Woman dies without justice
Nicole Fuller
The Baltimore Sun
16 August 2008
Donna Dustin's mother died this week, without knowing who killed her daughter 35 years ago.
Two days after an investigator with the Anne Arundel County state's attorney's office spoke Aug. 9 at a reunion of Donna Dustin's Bowie High School Class of 1973 in hopes of garnering new leads in the cold case, Dolores Dustin was hospital
ized with an irregular heartbeat.
Rather than keep her attached to machines, something she had said she would not have wanted, the family decided to let her go, said her husband and Donna's father, Joe Dustin. She died Thursday at age 74 at
Anne Arundel Medical Center.
"I look at it the other way," Mr. Dustin said yesterday, of his wife's inability to obtain justice in their daughter's killing. "She's going to be with her now."...

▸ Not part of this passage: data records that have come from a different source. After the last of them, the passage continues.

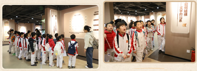 紧接着老师引导学生们大声朗读展板上的释读,稚嫩而整齐的童声在展厅中回荡,仿佛穿越千年,与古老的文字隔空对话。
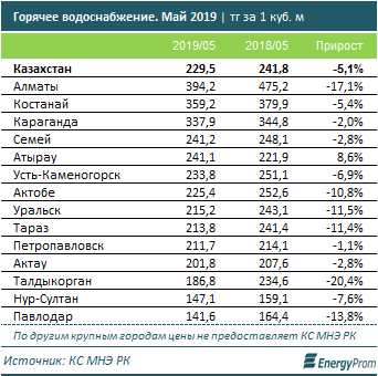 Самые высокие тарифы на горячую воду среди городов - в Алматы: 394,2 тенге за кубометр, что, в то же время, на 17,1% меньше, чем в мае прошлого года. На втором и третьем месте Костанай (359,2 тенге, –5,4%) и Караганда (337,9 тенге, –2%).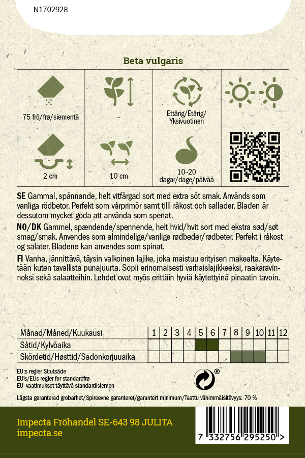 Vanha, jännittävä, täysin valkoinen lajike, joka maistuu erityisen makealta. Käytetään kuten tavallista punajuurta. Sopii erinomaisesti varhaislajikkeeksi, raakaravinnoksi sekä salaatteihin. Lehdet ovat myös erittäin hyviä käytettyinä pinaatin tavoin.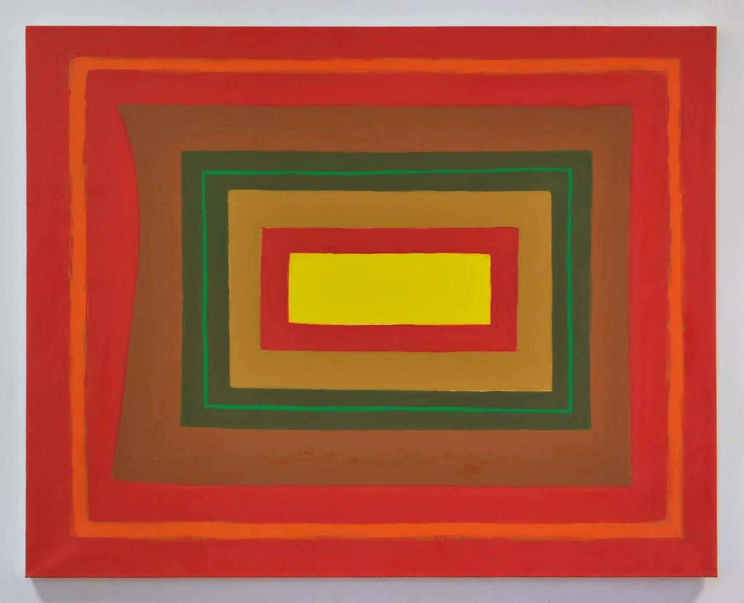 At one point, I limited my focus to the edges of the concentric rectangle, and how some were curved, which made the concentric planes appear as if they were billowing. Then I began accounting for all that was not a concentric rectangle: a floating, diagonal, yellow-orange brushstroke within the deep orange rectangle in the center of the painting, a brown line within the narrow, red, centered lozenge-like rectangle.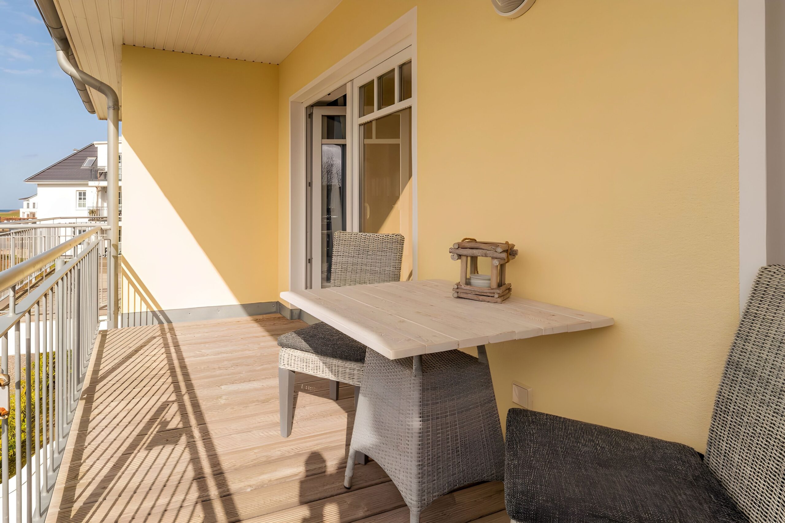 Großer, schöner überdachter Balkon in ruhiger Lage mit kleinem Meerblick. Geschmackvolle, durchdachte Einrichtung im maritimen Stil. Sehr gepflegt durch engagierte Eigentümer.
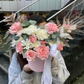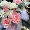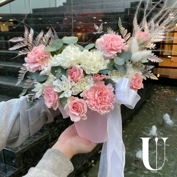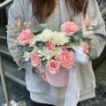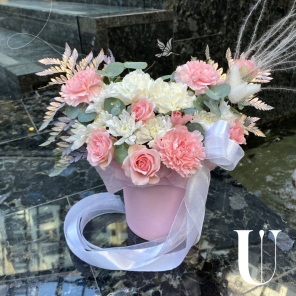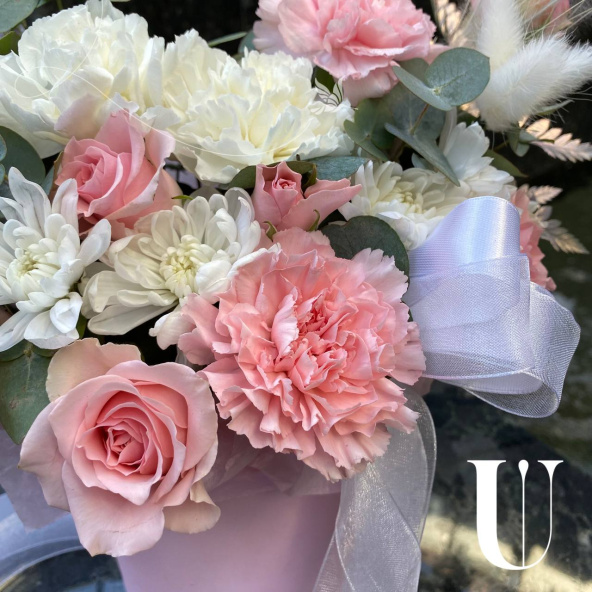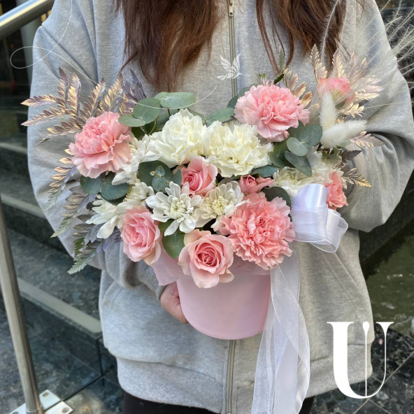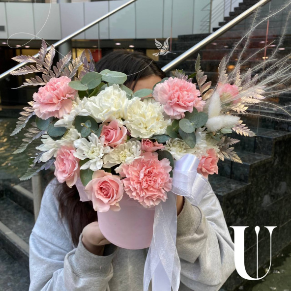 Нежная композиция из роз и гвоздик в шляпной коробке
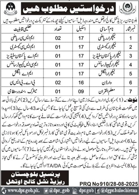 Balochistan Resiential College Uthal Lasbela Jobs 2025 announce the Contract career opportunities for the post of See Below Ad in Balochistan, Bela for the fresh and experienced candidates on Contract basis who have Check Advertisement degree. Posted date of this post is 29/08/2025 and the last date is 12/09/2025. if you are eligible for this job apply before due date.

... Donna Dustin was 17 on Nov. 16, 1973, when she went on an ice cream parlor double date while her parents were at Disney World. According to court documents, she dropped her date off about 1:30 a.m. and said she "wanted to get more beer and continue partying." She was later seen at a Bowie party talking with two men and is believed to have left with them.
Her nude body was found beaten in a deserted gravel quarry in Anne Arundel County the next day, about three miles from her home. Investigators believe she was assaulted at more than one location and that there are multiple crime scenes.

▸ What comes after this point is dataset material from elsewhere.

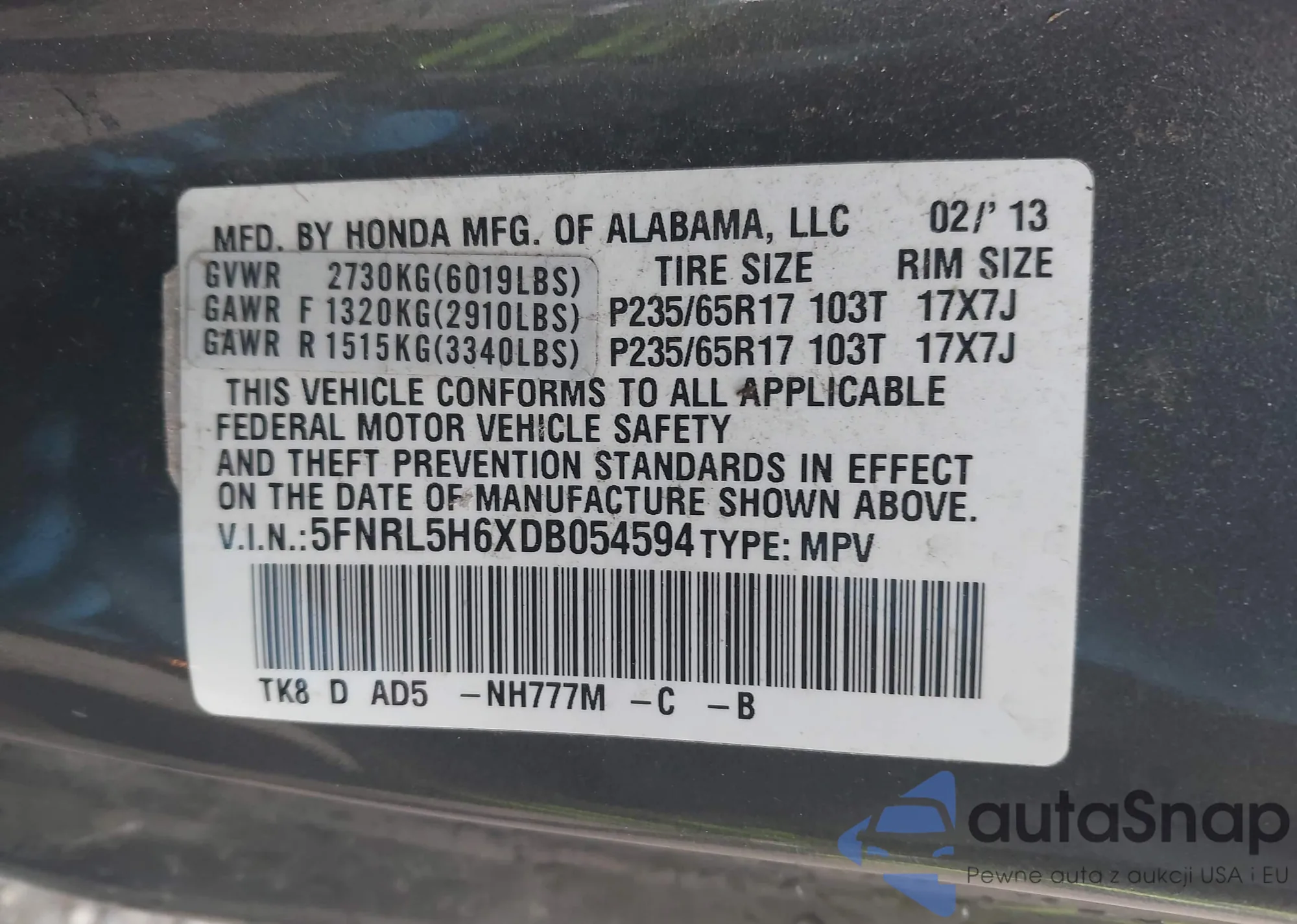 • VIN 5FNRL5H6XDB054594

Over the years, investigators have questioned more than 200 people. Sixteen men have provided DNA samples, and a few witnesses have been brought before a grand jury. But no one has been indicted.

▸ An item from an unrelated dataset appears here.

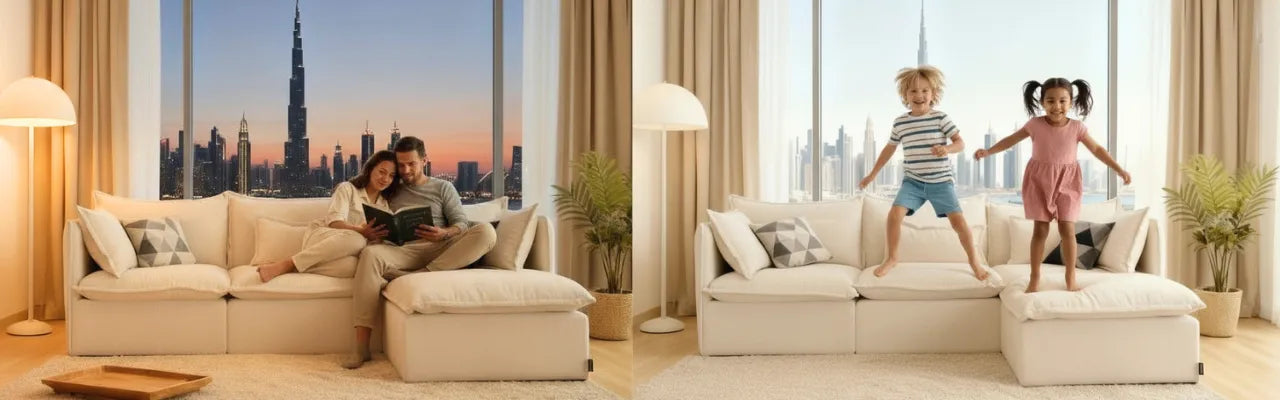 This sofa is unbelievably cozy. Perfect for my Dubai apartment. It strikes the ideal balance — neither overly firm nor overly soft — just right. I’m also a big fan of the removable slipcovers; they’re simple to take off and put back on, and washing them is no hassle at all. Absolutely recommend, 10 out of 10 for a big fam.

Capt. David Waltemeyer, commander of the Criminal Investigations Division of the Anne Arundel County Police Department, said yesterday that the reunion visit by investigator David Cordle yielded "no new information" but did provide "additional names of some people we might want to talk to that we haven't talked to."
"Our goal is to give family members the answers. And when one of them dies before you do that, it's certainly upsetting. But it doesn't deter us from continuing to pursue the case," Captain Waltemeyer said.
Mrs. Dustin was born in Washington in 1934. She lived for a short time in Philadelphia and was raised mostly in Cheverly, in Prince George's County. In 1954, she married Joe Dustin. In addition to her husband, she is survived by a son, Allen Dustin II; four grandchildren; and one great-grandchild.
A housewife, she struggled after the death of her daughter. She displayed a large photo of her daughter in the family room, and she talked about her often.
"There was almost never a day she didn't cry," her husband said.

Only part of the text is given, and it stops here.